Data supplied Block Start
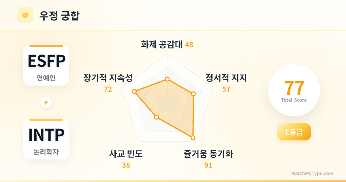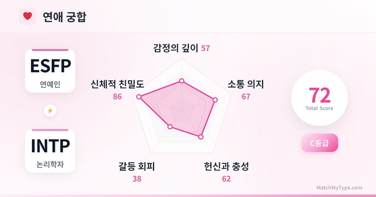 이것은 전형적인 '인싸'가 '너드'를 만났을 때의 이야기입니다. ESFP가 무대 중앙의 스포트라이트라면, INTP는 백스테이지 구석의 프로그래머입니다. 이러한 거대한 차이는 초기에는 치명적인 매력으로 작용합니다. ESFP는 INTP가 신비롭고 똑똑하다고 느끼고, INTP는 ESFP가 생기 넘치고 눈부시다고 생각하죠. 하지만 시간이 흐를수록 '상대의 사고 회로를 도저히 이해할 수 없어' 멘붕에 빠지기 가장 쉬운 조합이기도 합니다.
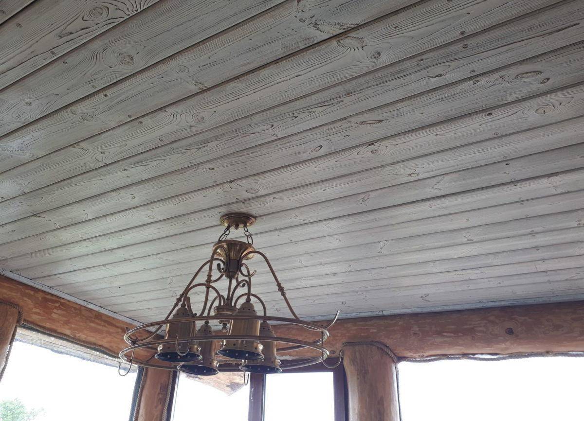 Потолок с белой вагонкой лучше всего смотрится, когда материал брашированный. Это можно сделать самостоятельно с помощью специального инструмента или купить готовый вариант.
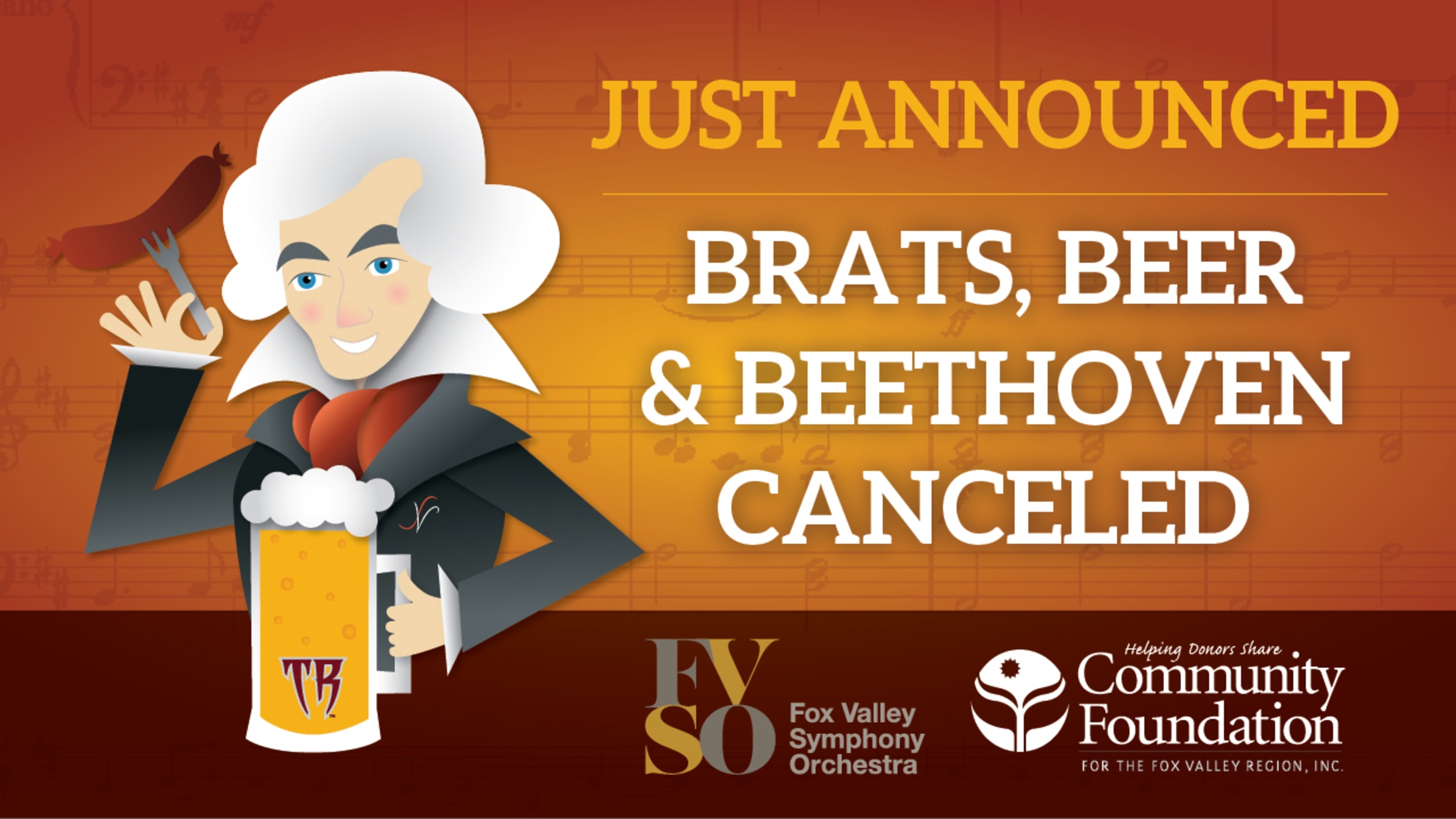 GRAND CHUTE, WI – The Fox Valley Symphony Orchestra has made the difficult decision to cancel the 2020 Brats, Beer, & Beethoven event. The sixth edition of this popular, free event was to be held on Friday, July 10 at Neuroscience Group Field at Fox Cities Stadium.
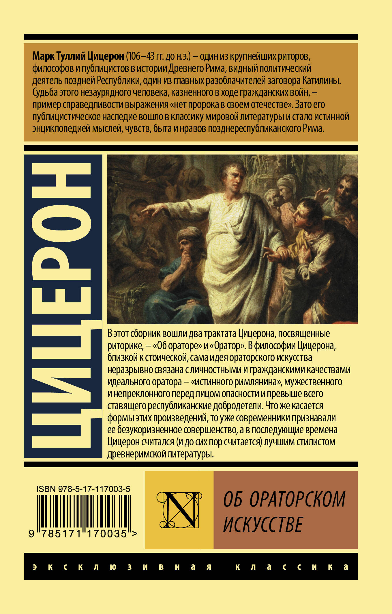В этот сборник вошли два трактата Цицерона, посвященные риторике, - "Об ораторе" и "Оратор". В философии Цицерона, близкой к стоической, сама идея ораторского искусства неразрывно связана с личностными и гражданскими качествами идеального оратора - "истинного римлянина", мужественного, непреклонного перед лицом опасности и превыше всего ставящего республиканские добродетели. Что же касается формы этих произведений, то уже современники признавали ее безукоризненное совершенство, а в последующие времена Цицерон считался (и до сих пор считается) лучшим стилистом древнеримской литературы.| Издательство | ИЗДАТЕЛЬСТВО "АСТ" |
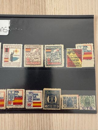 Conjunto de sellos de la Guerra Civil Española. - Incluye varios sellos con diferentes diseños y valores. - Algunos sellos muestran retratos y paisajes. - Presenta sellos con inscripciones como ARRIBA ESPAÑA y HABILITADO PARA. - Se aprecian sellos de 10 céntimos y otros valores.
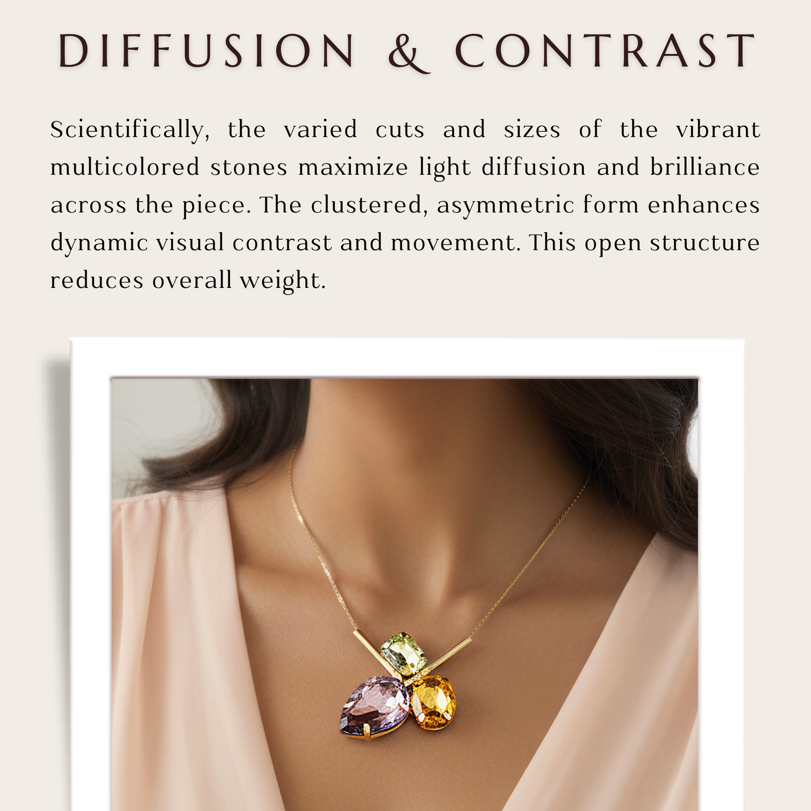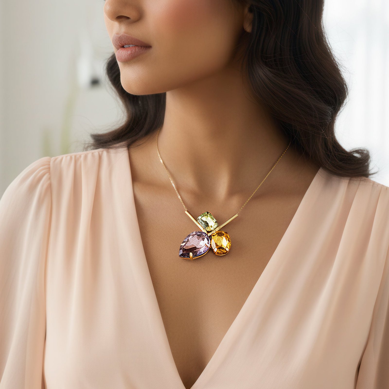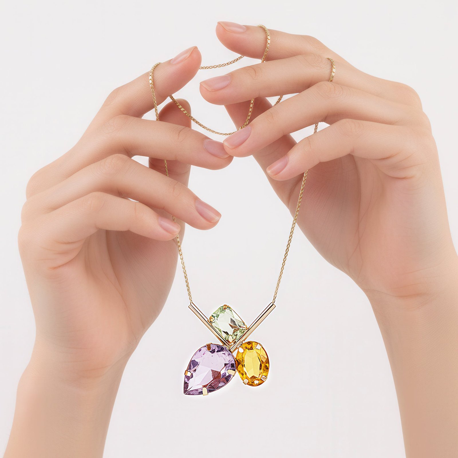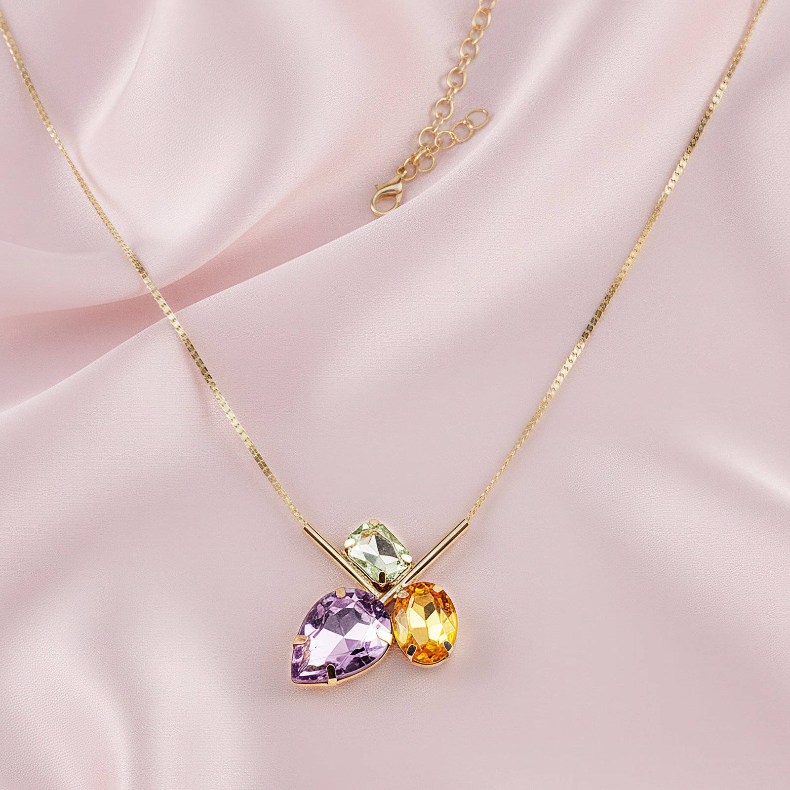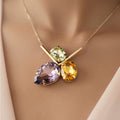 The intriguing tri-shape design of this pendant necklace perfectly combines drop, oval, and rectangular cuts. The rectangle cut offers contemporary structure and bold definition, the oval cut adds a hint of softness and fluidity, and the delicate drop shape lends classic elegance. These three unique shapes work together to produce a composition that is startling and well-balanced, showcasing the beauty of geometric diversity. The pendant, which gleams with each movement while hanging on a slender chain, exudes elegance and charm. Its adaptable style makes it appropriate for major events as well as daily use, providing a striking item that looks great from day to night. This necklace is chic and modern, designed to provide radiant appeal and understated elegance to any ensemble.
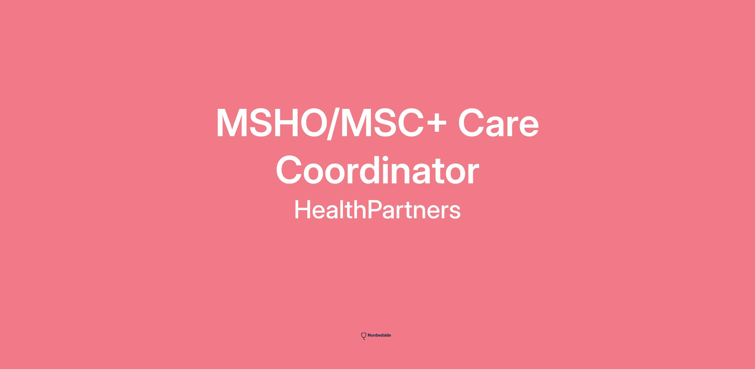 HealthPartners is hiring an MSHO/MSC+ Care Coordinator. This position exists to provide support to patients, their families, and physicians in addressing medical and social concerns; educate and empower patients and families to make informed personal health care decisions; and facilitate communication between patient, physician, health plan and community.
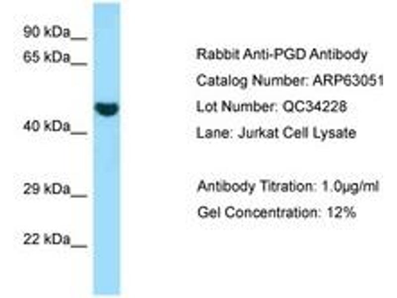 Synthetic peptide located between aa83-132 of human PGD (P52209, NP_002622). Percent identity by BLAST analysis: Human, Chimpanzee, Gorilla, Gibbon, Monkey, Galago, Marmoset, Mouse, Rat, Elephant, Panda, Dog, Bat, Rabbit, Horse, Pig, Opossum, Guinea pig, Turkey, Chicken, Platypus, Salmon, Smelt, Stickleback, Medaka, Pufferfish, Zebrafish (100%), Sheep, Bovine, Lizard, Xenopus, Drosophila (92%).
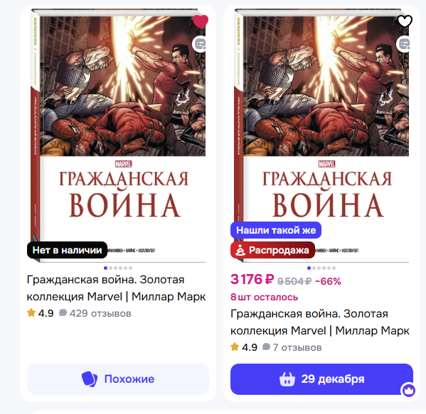 >>25869157 братан, марвел и диси ушли из россии в 2022 сейчас всё что продаётся это остатки старых тиражей вышедших до 2023, естественно с каждым днём их будет становиться меньше и цены будут увеличиваться так как издание становится редким дешевле точно нихуя не станет единственное что на авито многие распродают свои коллекции за копейки, там можешь и за 500 рублей урвать
Data supplied Block End
=== What is needed ===
What you write must match, line for line, the lines from the one with "Synthetic peptide located" through the last line of the data above, minus the pictures.

=== Solution to this exercise ===
 Synthetic peptide located between aa83-132 of human PGD (P52209, NP_002622). Percent identity by BLAST analysis: Human, Chimpanzee, Gorilla, Gibbon, Monkey, Galago, Marmoset, Mouse, Rat, Elephant, Panda, Dog, Bat, Rabbit, Horse, Pig, Opossum, Guinea pig, Turkey, Chicken, Platypus, Salmon, Smelt, Stickleback, Medaka, Pufferfish, Zebrafish (100%), Sheep, Bovine, Lizard, Xenopus, Drosophila (92%).
 >>25869157 братан, марвел и диси ушли из россии в 2022 сейчас всё что продаётся это остатки старых тиражей вышедших до 2023, естественно с каждым днём их будет становиться меньше и цены будут увеличиваться так как издание становится редким дешевле точно нихуя не станет единственное что на авито многие распродают свои коллекции за копейки, там можешь и за 500 рублей урвать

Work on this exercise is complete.